Теперь г-жа де Фонтенэ по-детски старалась вернуть прошлое. Она устроила поездку на лодке, нанятой на целый вечер.
Были только свои: Анри, она, Пьер и Жером с женой. В минуту отплытия было еще светло, и на плоском серебре воды, таявшей и брызгавшей у кормы, алые и серые отсветы сумерек двигались и изображали волны.
По обеим сторонам Сены проходили холмы и откосы.
В Сюрене, Сэн-Клу и Севре виднелись маленькие виллы — старинные и жеманные, — усложненные итальянской живописью и мавританской резьбой; одна из них, известково-белая, с куполом и террасой, поистине воскрешала Восток, вызывая на спокойном небе кислый, растущий звук тунисской флейты.
На одном из холмов, выступая из частной зелени, какое-то прямое здание строгого стиля напоминало старинную гравюру и желтело, как пенковая трубка.
Обратный путь совершался в прелести тени, в тайне дымной реки, похожей на каналы Голландии. Прибрежные фонари и огни разлатых товарных барок погружались в оживленную воду и вытягивались, смятые и сборчатые, как горящая гармоника. Сабина, которую все волновало: шум воды, запах дегтя, красный фонарь вдали, — думала о Пьере, чье спокойствие ее расстраивало, ибо ночь — так ей казалась — всем говорит одно.

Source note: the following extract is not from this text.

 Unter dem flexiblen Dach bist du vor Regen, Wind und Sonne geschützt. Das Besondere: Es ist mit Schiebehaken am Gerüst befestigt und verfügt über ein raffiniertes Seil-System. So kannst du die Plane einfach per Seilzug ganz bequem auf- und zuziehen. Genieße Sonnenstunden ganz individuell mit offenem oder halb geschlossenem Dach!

Ужас, сладость желания и вы, поцелуи, которые Джульетта срывает с губ и бросает к звездам, и вы, соловьи, что плачете в кустах, и вы, лягушки, с вашим таинственным скрипучим криком на мягких прудах, устланных плоскими листьями, — не вы ли отчаянные души ночи, и те, кто вас понимают, не несут ли они в груди все ваши рыданья?..
Несколько дней спустя, когда Пьер объявил, что в конце недели уезжает на все лето в Бургундию, к брату, где будет работать — так как, по его утверждению, потерял весь этот год, — Сабина сказала себе:
— Он нехорош со мной, но он вспомнит все в минуту прощания, всегда немного похожую на смерть.

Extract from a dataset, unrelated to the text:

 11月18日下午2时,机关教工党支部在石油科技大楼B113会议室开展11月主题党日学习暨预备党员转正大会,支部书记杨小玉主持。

И день настал. Пьер, занятый своим чемоданом, поездом и часами, уже не видел друзей, собравшихся для него на вокзале. Сабина держалась в стороне, предвидя минуту смущения и самозабвения, когда, держа ее за обе руки, Пьер Баланс, внезапно взволнованный, с глазами, полными воспоминаний, обменяется с ней своей глубочайшей сущностью; и тогда дружба восстановится путем писем.
Дверцы вагона уже закрывались, и Жером кричал Пьеру:
— Скорей! Скорей! Садитесь!
Тогда, забывая всю свою спешку и поезд, могущий тронуться, Пьер с лицом, покрытым тяжким облаком дружбы и острой тоской расставанья, обнял Анри и крепко прижал его к себе, потом пожал руку Жерома, долго-долго держал в своей — руку Марии и затем, ища Сабину, стоявшую позади всех, сказал ей:
— До свидания.
Он торопился, у него уже не было времени.
И Сабина поняла. Теперь он, как прежде, друг Анри и Марии, их добрый, верный, преданный друг; а для нее, для нее он — никто. Он окончательно забыл весь этот год; для других — он уезжал, от нее же он уходил, уходил навеки…
II
Г-жа де Фонтенэ, спокойная и усталая, собиралась к концу июля ехать с мужем в Дофинэ, когда получила письмо от ее отца, в котором он говорил ей, что болен, что проведет лето в Швейцарии и что хочет ее видеть.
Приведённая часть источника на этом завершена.